Thu, May 12, 2011 - Page 14 News List

‘LA Noire’ a game changer?

A video game based on the noir crime genre is set to revolutionize interactive entertainment. Gamers use real-life people skills to interrogate criminals — not kill them

By Keith Stuart  /  The Guardian, London

The casting has also been vital. Team Bondi avoided going for film superstars, because their mannerisms and emotional cues will be too familiar to gamers. Instead, they’ve opted for lesser-known actors. Aaron Staton, who plays Ken Cosgrove in Mad Men, is Phelps. “When we started looking at the roles, Dan Houser [vice-president of Rockstar Games], had seen Aaron in Mad Men and thought he was an interesting actor,” explains McNamara. “Luckily, we used the same casting agency as Mad Men, so once we had Aaron on board, half the rest of the cast heard about it and asked to be in it, too. Lots of them have cameos!”

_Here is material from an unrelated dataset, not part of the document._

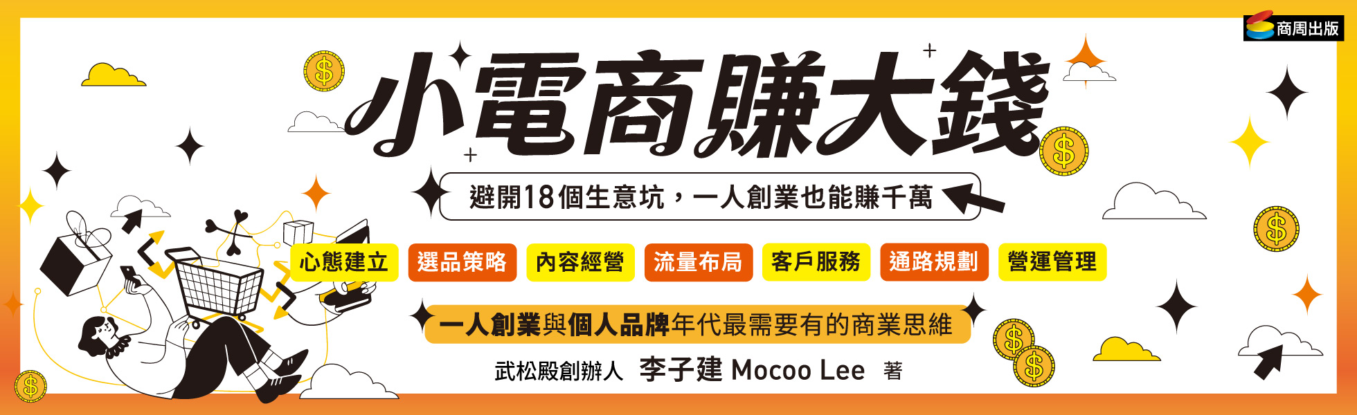 心態建立.選品策略.內容經營.流量布局.客戶服務.通路規劃.營運管理——「一人創業」與「個人品牌」年代最需要有的商業思維——實戰經驗 X 致勝心法 X 商業模式 X 完整系統——創業家Mocoo Lee從負債到上億營收,教你打造自由獲利新人生。電商創業家李子建Mocoo Lee分享從負債累累到建立多個品牌的經驗,希望有志做電商、建立個人品牌的創業者能學習他的血淚教訓,在激烈的市場競爭中存活下來。只要能避開這18個坑,就能領先87%的競爭者。內容包括四大面向◆ 心態建立:探討創業時最重要的心態、盤點內在能量。◆ 產品選擇:如何選擇有市場、有盈利潛力的產品。◆ 行銷布局:分析流量的本質與布局方法,精準吸引目標客群,並分享經營粉絲團與廣告投放的經驗。◆ 營運管理:靈活使用財務三表,用表格建立標準化的營運流程,讓AI完成重複性工作。本書特色◆ 引導你盤點自己的差異化價值,找會賣的產品,做有內容的品牌經營。◆ 看懂更要動手做,每章設計了練習作業,讀完就等於完成一份屬於自己的「小電商實戰規劃」。◆ 設計「小成功執行力推動法」、「90天衝刺計畫」等實用工具,協助你盤點現狀、規劃行動。小電商這樣打造自由獲利新人生——◆ 用自己的獨特價值開發品牌。◆ 不憑感覺不跟風,選擇能解決客戶痛點的產品。◆ 靠內容經營獲得流量,把新客養成會回購的鐵粉。◆ 會投放廣告、流量管理。◆ 有一套符合品牌路線的通路策略。◆ 規劃完整的業績節奏,打造穩定獲利的商業模式。◆ 善用外包與AI提升工作效率,一人創造多人價值。◆ 用報表做系統化管理,高效率衝刺、計畫達標!這本書寫給——◆ 想做電商但不知道如何開始的新手。◆ 想讓品牌經營更穩定順暢的創業者、小公司老闆。◆ 想進一步了解電商商業模式與策略規劃的執行者。◆ 想學習實戰經驗與落地方法的經營者。

There are over 400 characters in the game, and its script that would cover two seasons of a major TV series. But, for all this talk of human drama, LA Noire is still an action game. Between the interrogation scenes, there are shoot-outs and car chases, there are bank robberies to foil. Team Bondi claims a new style of co-operative gameplay will emerge to deal with this dichotomy. “One interesting phenomenon we’ve seen while testing the game is that three or four people will sit down and play together on a couch, with one handling the shoot-outs and the brawls, and someone else doing the conversations. It becomes an interactive experience that families might choose over half an hour of TV,” adds McNamara.

So is there a future in which games abandon the need for visceral action altogether and concentrate on human relationships? McNamara is convinced this will happen, and, as Internet-connected televisions become more readily available, we’re going to see experiences that merge traditional TV shows with video game elements. “It’s going to happen sooner than you think,” he says. “We have shown with LA Noire the level of humanity you can get into games, the level of immersion, the believability of the characters. Games have always been good at interactivity, but where we’ve fallen down is in areas like story and characters. If we bring all that in, there’s no reason interactive TV shows couldn’t happen.”

Until recently, games were about crude characters blasting space aliens; now they can be about rounded humans learning to gauge photorealistic strangers. McNamara’s ideas about deep interactive dramas being broadcast like TV shows sound outlandish, but the technological building blocks are there. LA Noire points the way. We are going to need to put down our controllers and pick up on our people skills.

LA Noire will be released for Xbox 360 and PS3 on 20 May.